オンライン英会話と通学型を併用するメリット|初心者向けの使い分け

通学型英会話教室とオンライン英会話を併用する大人初心者

オンライン英会話と通学型の英会話教室は、どちらか一方に決める必要はありません。大人初心者が併用するなら、通学レッスンで学習の方向と課題を整理し、オンライン英会話で短い会話練習を増やすという使い分けが分かりやすい方法です。

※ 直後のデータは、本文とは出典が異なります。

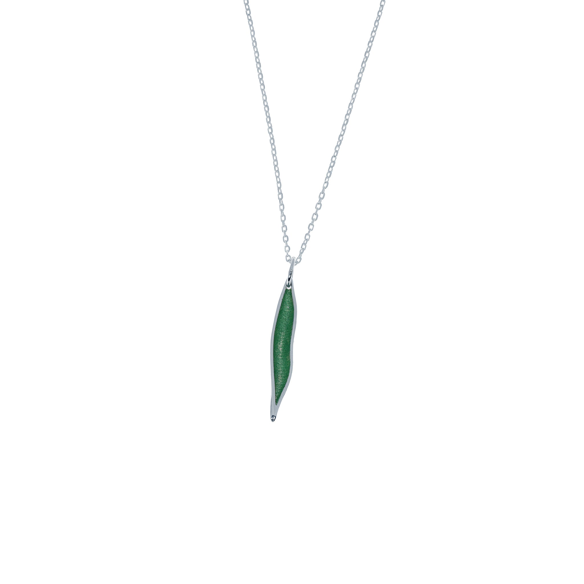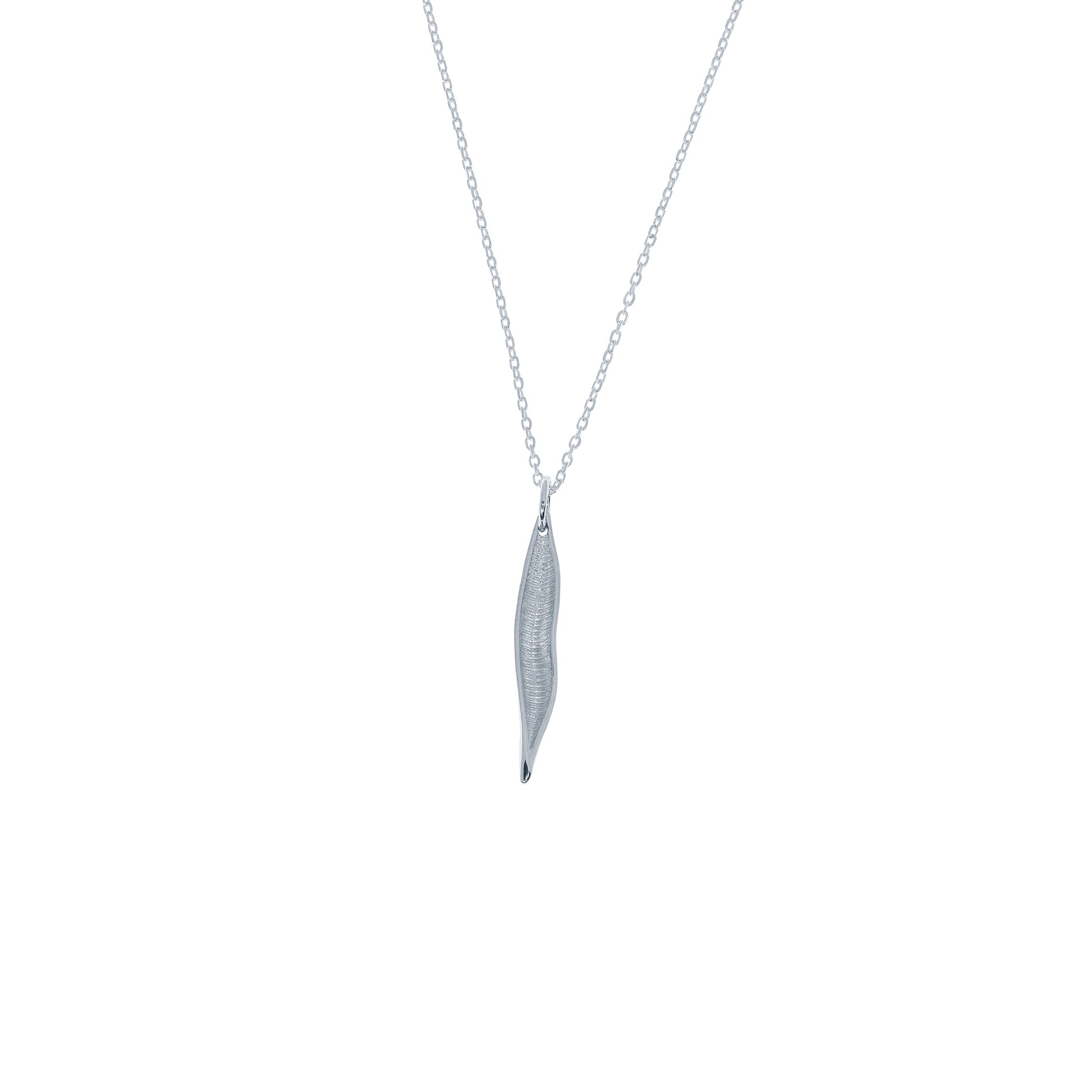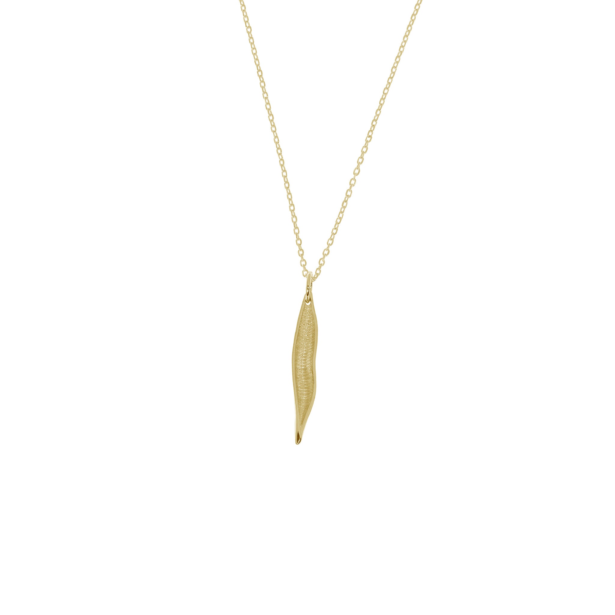 El colgante pequeño de la COLECCIÓN KENIA ofrece una interpretación más delicada del diseño inspirado en la vaina. Su tamaño reducido resalta la pureza de la forma y la ligereza de la pieza, convirtiéndola en una joya discreta y elegante.

併用のメリットは、単にレッスン回数が増えることではありません。対面で相談しやすい環境と、自宅から反復しやすい環境を組み合わせられることです。ただし、教材や講師の指示がばらばらになると迷いやすいため、主軸となる教室と、補助として使うオンライン英会話を決めましょう。

しゅみすけ(大山俊輔)

しゅみすけ(大山俊輔)

20年以上教室を運営してきて、レッスンの数より大切だと感じるのは、学んだことを別の会話で試す機会です。通学で一つ課題を決め、オンラインではその一つを繰り返すだけでも十分です。

オンライン英会話と通学型を併用する5つのメリット

1.通学で整理し、オンラインで会話回数を増やせる

通学型の教室では、講師やスタッフと顔を合わせながら、現在のレベル、目標、教材、復習方法を相談しやすい傾向があります。オンライン英会話は移動がなく、短い時間でも予約しやすいため、教室で決めたテーマを実際に話す回数を増やせます。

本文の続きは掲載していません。